- _Exercise brief_: For the entries below, repeat exactly each line starting with the one that contains "Todos los candidatos" and going on through the one that contains "[xml]$a= Invoke-WebRequest -Uri", and no others.

** Opening Given records block **

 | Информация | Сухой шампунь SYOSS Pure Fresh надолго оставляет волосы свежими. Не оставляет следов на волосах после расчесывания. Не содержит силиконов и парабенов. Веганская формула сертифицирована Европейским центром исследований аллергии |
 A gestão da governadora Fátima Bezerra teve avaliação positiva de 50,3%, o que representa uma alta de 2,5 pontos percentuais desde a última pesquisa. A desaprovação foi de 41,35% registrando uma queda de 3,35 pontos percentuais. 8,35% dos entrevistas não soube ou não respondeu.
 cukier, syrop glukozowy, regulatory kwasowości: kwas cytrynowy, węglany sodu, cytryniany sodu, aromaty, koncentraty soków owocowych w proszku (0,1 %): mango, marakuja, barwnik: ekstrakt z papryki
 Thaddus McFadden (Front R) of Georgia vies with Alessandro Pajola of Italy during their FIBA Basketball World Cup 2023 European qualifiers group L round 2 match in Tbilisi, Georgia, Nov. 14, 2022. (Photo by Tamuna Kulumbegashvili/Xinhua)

** Closing Given records block **
** Opening Given records block **

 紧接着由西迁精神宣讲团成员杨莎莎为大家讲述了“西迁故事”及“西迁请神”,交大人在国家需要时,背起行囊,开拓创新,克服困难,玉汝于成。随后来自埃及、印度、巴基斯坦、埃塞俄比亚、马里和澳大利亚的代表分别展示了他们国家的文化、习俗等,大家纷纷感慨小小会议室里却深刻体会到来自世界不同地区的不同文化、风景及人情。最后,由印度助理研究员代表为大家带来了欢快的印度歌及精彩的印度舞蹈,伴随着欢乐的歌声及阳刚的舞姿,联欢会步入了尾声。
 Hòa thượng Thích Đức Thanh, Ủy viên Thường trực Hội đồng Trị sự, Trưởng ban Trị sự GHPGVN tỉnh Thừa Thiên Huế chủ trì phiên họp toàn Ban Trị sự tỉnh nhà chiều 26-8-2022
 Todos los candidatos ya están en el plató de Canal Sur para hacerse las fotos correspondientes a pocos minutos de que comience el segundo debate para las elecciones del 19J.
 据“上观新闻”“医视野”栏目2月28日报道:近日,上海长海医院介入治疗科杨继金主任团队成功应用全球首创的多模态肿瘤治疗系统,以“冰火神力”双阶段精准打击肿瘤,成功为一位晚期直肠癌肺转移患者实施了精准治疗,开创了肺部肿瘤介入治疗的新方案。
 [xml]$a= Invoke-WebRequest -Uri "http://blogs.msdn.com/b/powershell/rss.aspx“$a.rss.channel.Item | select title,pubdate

** Closing Given records block **

- _Expected answer_:
 Todos los candidatos ya están en el plató de Canal Sur para hacerse las fotos correspondientes a pocos minutos de que comience el segundo debate para las elecciones del 19J.
 据“上观新闻”“医视野”栏目2月28日报道:近日,上海长海医院介入治疗科杨继金主任团队成功应用全球首创的多模态肿瘤治疗系统,以“冰火神力”双阶段精准打击肿瘤,成功为一位晚期直肠癌肺转移患者实施了精准治疗,开创了肺部肿瘤介入治疗的新方案。
 [xml]$a= Invoke-WebRequest -Uri "http://blogs.msdn.com/b/powershell/rss.aspx“$a.rss.channel.Item | select title,pubdate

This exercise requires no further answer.